#### [ACTIVITY]
Print the records below exactly, from the line containing "Full range of" down to the line containing "图为1959年正在建造中的杭氧东新路厂房。(受访单位供图)", both lines included, and omit every picture.

#### [PROVIDED ENTRIES]
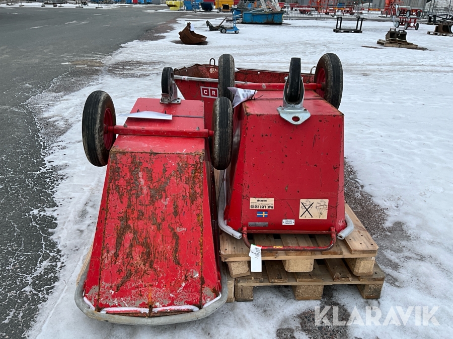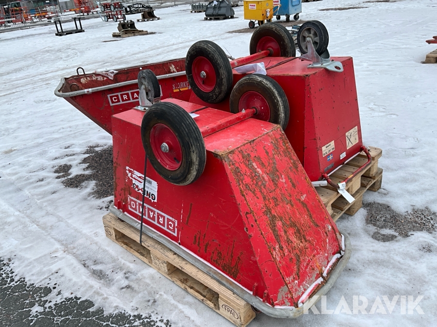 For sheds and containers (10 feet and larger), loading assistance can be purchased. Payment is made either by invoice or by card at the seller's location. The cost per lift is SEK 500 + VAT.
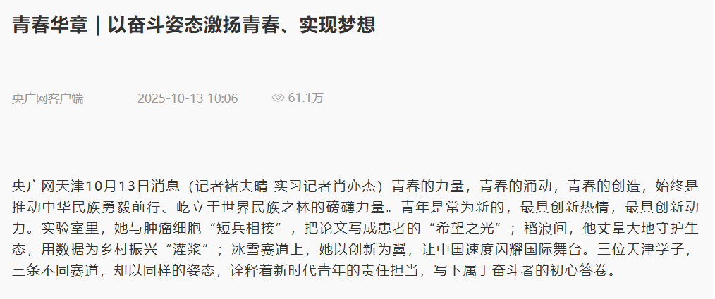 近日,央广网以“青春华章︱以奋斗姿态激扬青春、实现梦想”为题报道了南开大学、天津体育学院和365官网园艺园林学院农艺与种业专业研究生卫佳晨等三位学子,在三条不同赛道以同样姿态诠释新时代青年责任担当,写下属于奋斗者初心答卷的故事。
--
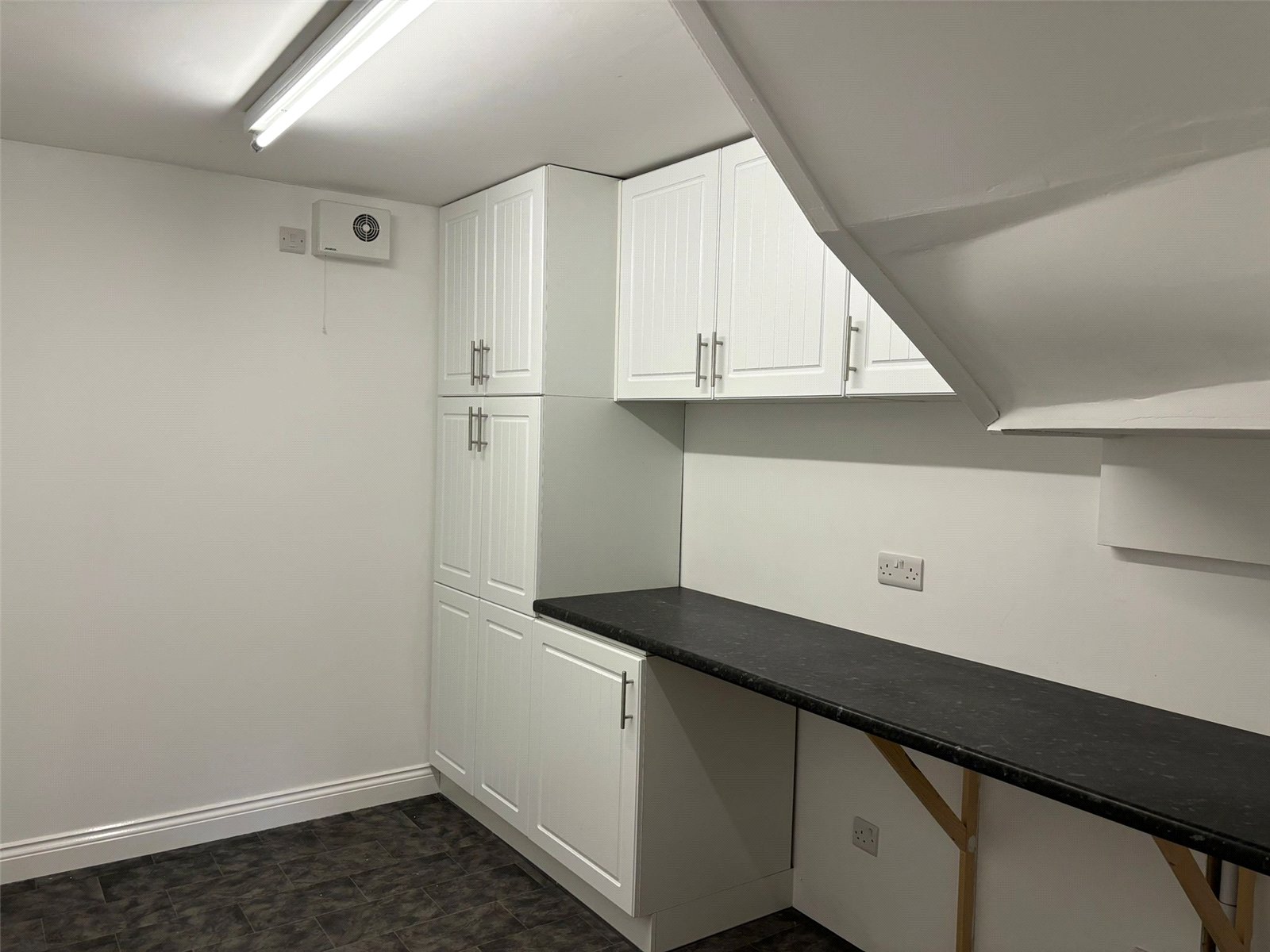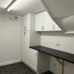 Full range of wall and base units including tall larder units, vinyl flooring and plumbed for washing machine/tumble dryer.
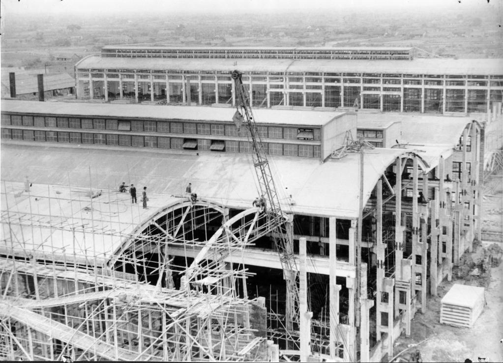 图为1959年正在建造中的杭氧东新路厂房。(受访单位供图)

#### [SOLUTION FOR THIS TASK]
 Full range of wall and base units including tall larder units, vinyl flooring and plumbed for washing machine/tumble dryer.
 图为1959年正在建造中的杭氧东新路厂房。(受访单位供图)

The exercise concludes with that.